Noncoding RNAs also play a role in chronic pain. They include long ncRNAs, circular RNAs, antisense RNAs, and microRNAs, which all regulate transcription, translation, and mRNA stability. Neural pain can increase the expression of certain antisense ncRNAs through transcription factors, which can turn on and off genes associated with pain. A decreased level of Ds-lncRNA, which is a long ncRNA,  after neural injury enhances the binding of  RALY, an RNA cofactor, to RNA polymerase II. This causes an increased G9a expression which increases pain awareness.

== Treatment ==
One potential treatment option is inhibiting the deacetylation of histones. There are eighteen identified HDAC genes, and they have varying effects on the nervous system. Intrathecal injection of HDAC inhibitors resulted in the reduction of inflammatory pain in rats. The administration of HDAC inhibitors increase the activity of glutamate decarboxylase promoters GAD65 and GAD67, which are normally involved in enhancing GABA inhibition and reducing pain. This experiment suggests that blocking the removal of acetyl groups on histone could be the way to manage chronic pain. An example of an HDAC inhibitor in use is Valproic acid. Valproic acid is a substance used to treat seizures, but it is now in a trial to treat migraines by blocking HDACs. Givinostat is another HDAC inhibitor that is being reviewed in treating juvenile arthritis pain.

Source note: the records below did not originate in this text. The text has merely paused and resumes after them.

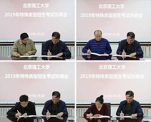 会上,王晓锋代表学校分别与外国语学院、体育部、校团委、人文与社会科学学院负责人签订了《beat365中文官方网站2019年特殊类型招生考试工作责任书》。
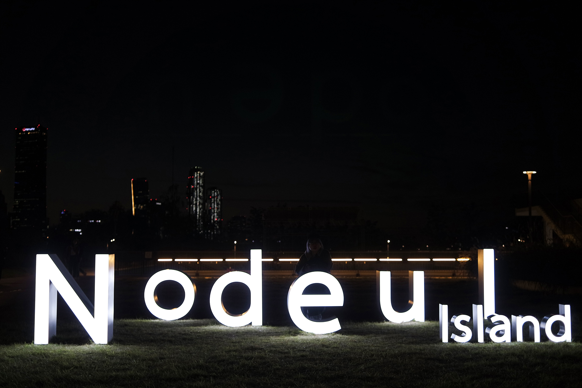 입구에 들어서면 너도나도 인증샷을 찍기 위해 Nodeul Island 네온 앞으로 모여듭니다.
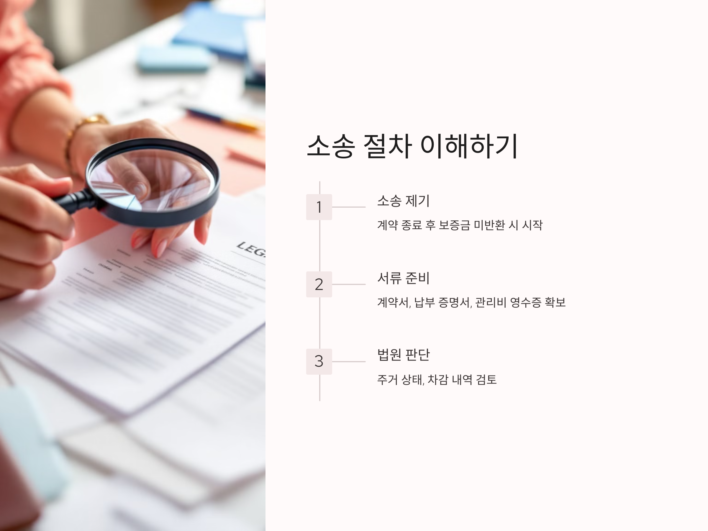 보증금 반환 소송은 법적 절차와 복잡한 서류 작업을 동반하는 경우가 많기 때문에, 법적 전문가의 조언을 받는 것이 매우 중요합니다. 변호사는 세입자가 소송을 진행하는 데 있어 필요한 모든 서류를 준비하고, 법적 전략을 세우는 데 도움을 줄 수 있습니다.
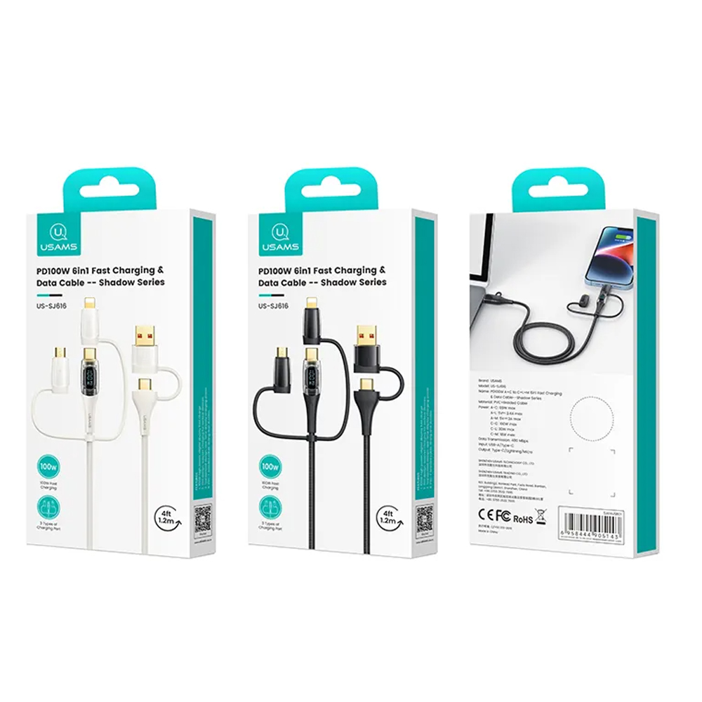 Кабель USB, Type-C - Type-C, 8 pin, микро USB Usams US-SJ626 Shadow, 2.0м, 2.4A, PD 100Вт, цвет: белый
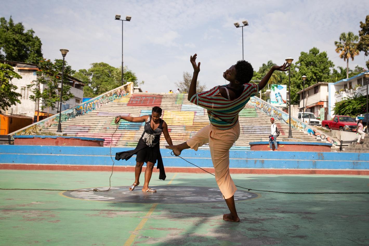Tuesday 5 June. 6 pm. At Place Jérémie (Port-au-Prince) 34 dancers, accompanied by percussion players gather for a street performance. Aged 16 to 20, these youngsters start contemporary dance moves, following the Port-au…
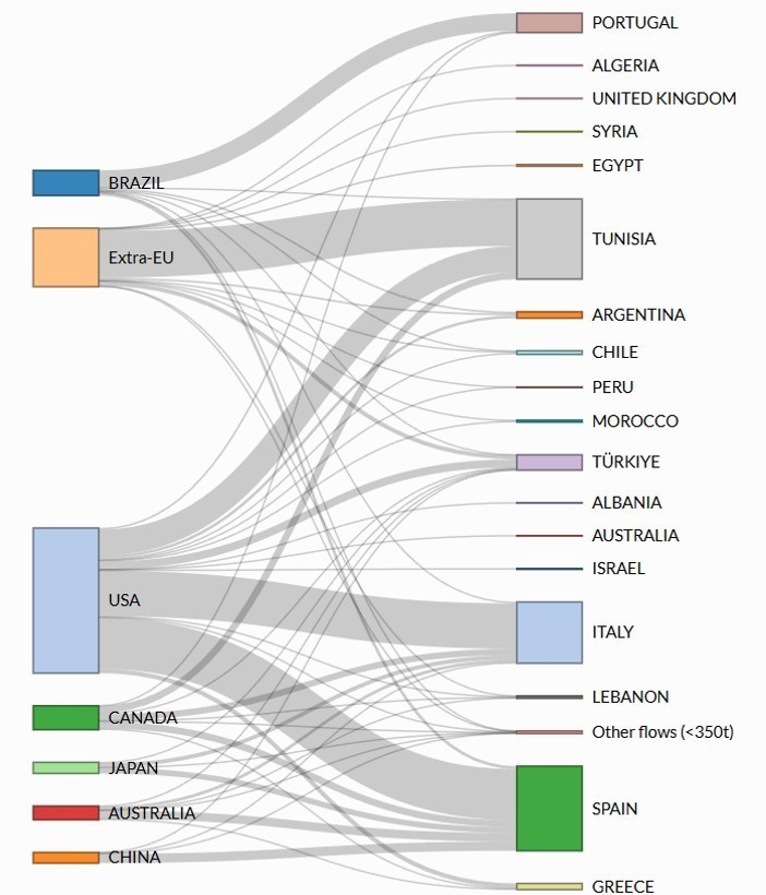 Οι κύριες χώρες-εταίροι που προμήθευσαν αυτές τις αγορές ήταν η Ισπανία, η Τυνησία και η Ιταλία με ποσοστά 29,4%, 27,9% και 21,2%, ενώ το μερίδιο αγοράς της Ελλάδας ανέρχεται στο 2,2% έχοντας όμως εντυπωσιακή άνοδο 43,7% σε σχέση με την αντίστοιχη περίοδο της προηγούμενης ελαιοκομικής περιόδου, που είναι και η μεγαλύτερη σε σχέση με όλες τις χώρες που εξετάζονται.
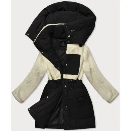 Černo-ecru bunda pro přechodné období z různých spojených materiálů (WD2351)
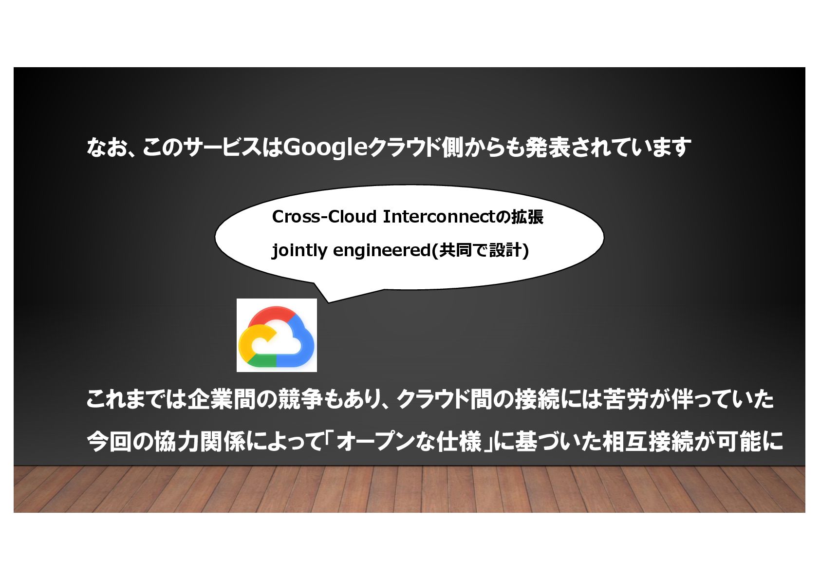 なお、このサービスはGoogleクラウド側からも発表されています Cross-Cloud Interconnectの拡張 jointly engineered(共同で設計) これまでは企業間の競争もあり、クラウド間の接続には苦労が伴っていた 今回の協力関係によって「オープンな仕様」に基づいた相互接続が可能に

Another potential therapeutic mechanism is histone methylation. There is little research on this particular epigenetic mechanism as it relates to chronic pain. However, folate, a prenatal vitamin, has been shown to be an important cofactor in DNA methylation during pregnancy. More research needs to be done before folate can be suggested as a potential therapeutic.

DNA methylation inhibitors showed a potential to treat chronic pain. A study found there was an increase in DNA methylation in mice's spines after a chronic injury. An intrathecal injection of DNMT inhibitor reduced this methylation increase and also the hypersensitivity to pain in the spine. Also DNMT inhibitor, zebularine, also was shown to reduce thermal hyperplasia after chronic stress.